▸ Problem statement: After reading the entries below, copy word for word the lines from the first through the line containing "Baptised: William BALE", and stop there.

(Dataset excerpts)
■ ■ ■ ■ ■
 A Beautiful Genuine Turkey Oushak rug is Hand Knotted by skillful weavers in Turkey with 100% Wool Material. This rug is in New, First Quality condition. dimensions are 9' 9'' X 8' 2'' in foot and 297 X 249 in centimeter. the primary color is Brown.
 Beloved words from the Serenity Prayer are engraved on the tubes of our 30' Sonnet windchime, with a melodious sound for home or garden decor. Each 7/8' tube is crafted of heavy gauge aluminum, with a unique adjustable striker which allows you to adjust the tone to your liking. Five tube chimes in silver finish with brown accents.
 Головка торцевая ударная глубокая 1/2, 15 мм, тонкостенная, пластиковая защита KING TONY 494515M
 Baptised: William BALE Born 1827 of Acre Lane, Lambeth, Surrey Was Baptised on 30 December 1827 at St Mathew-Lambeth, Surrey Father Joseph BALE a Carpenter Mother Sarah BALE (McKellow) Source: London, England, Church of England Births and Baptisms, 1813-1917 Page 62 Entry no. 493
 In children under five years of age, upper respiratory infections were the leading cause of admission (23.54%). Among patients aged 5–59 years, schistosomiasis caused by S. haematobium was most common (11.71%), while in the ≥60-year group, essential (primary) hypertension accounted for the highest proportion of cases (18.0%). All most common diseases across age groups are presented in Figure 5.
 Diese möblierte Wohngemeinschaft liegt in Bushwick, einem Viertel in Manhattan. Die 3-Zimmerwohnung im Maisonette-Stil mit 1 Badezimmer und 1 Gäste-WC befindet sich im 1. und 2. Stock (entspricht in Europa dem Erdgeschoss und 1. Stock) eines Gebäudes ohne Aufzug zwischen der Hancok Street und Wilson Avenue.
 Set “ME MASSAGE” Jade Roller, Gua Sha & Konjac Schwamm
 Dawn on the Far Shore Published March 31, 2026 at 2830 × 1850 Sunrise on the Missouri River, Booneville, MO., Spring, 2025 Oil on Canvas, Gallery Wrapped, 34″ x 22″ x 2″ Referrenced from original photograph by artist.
■ ■ ■ ■ ■
▸ Solution for this task:
 A Beautiful Genuine Turkey Oushak rug is Hand Knotted by skillful weavers in Turkey with 100% Wool Material. This rug is in New, First Quality condition. dimensions are 9' 9'' X 8' 2'' in foot and 297 X 249 in centimeter. the primary color is Brown.
 Beloved words from the Serenity Prayer are engraved on the tubes of our 30' Sonnet windchime, with a melodious sound for home or garden decor. Each 7/8' tube is crafted of heavy gauge aluminum, with a unique adjustable striker which allows you to adjust the tone to your liking. Five tube chimes in silver finish with brown accents.
 Головка торцевая ударная глубокая 1/2, 15 мм, тонкостенная, пластиковая защита KING TONY 494515M
 Baptised: William BALE Born 1827 of Acre Lane, Lambeth, Surrey Was Baptised on 30 December 1827 at St Mathew-Lambeth, Surrey Father Joseph BALE a Carpenter Mother Sarah BALE (McKellow) Source: London, England, Church of England Births and Baptisms, 1813-1917 Page 62 Entry no. 493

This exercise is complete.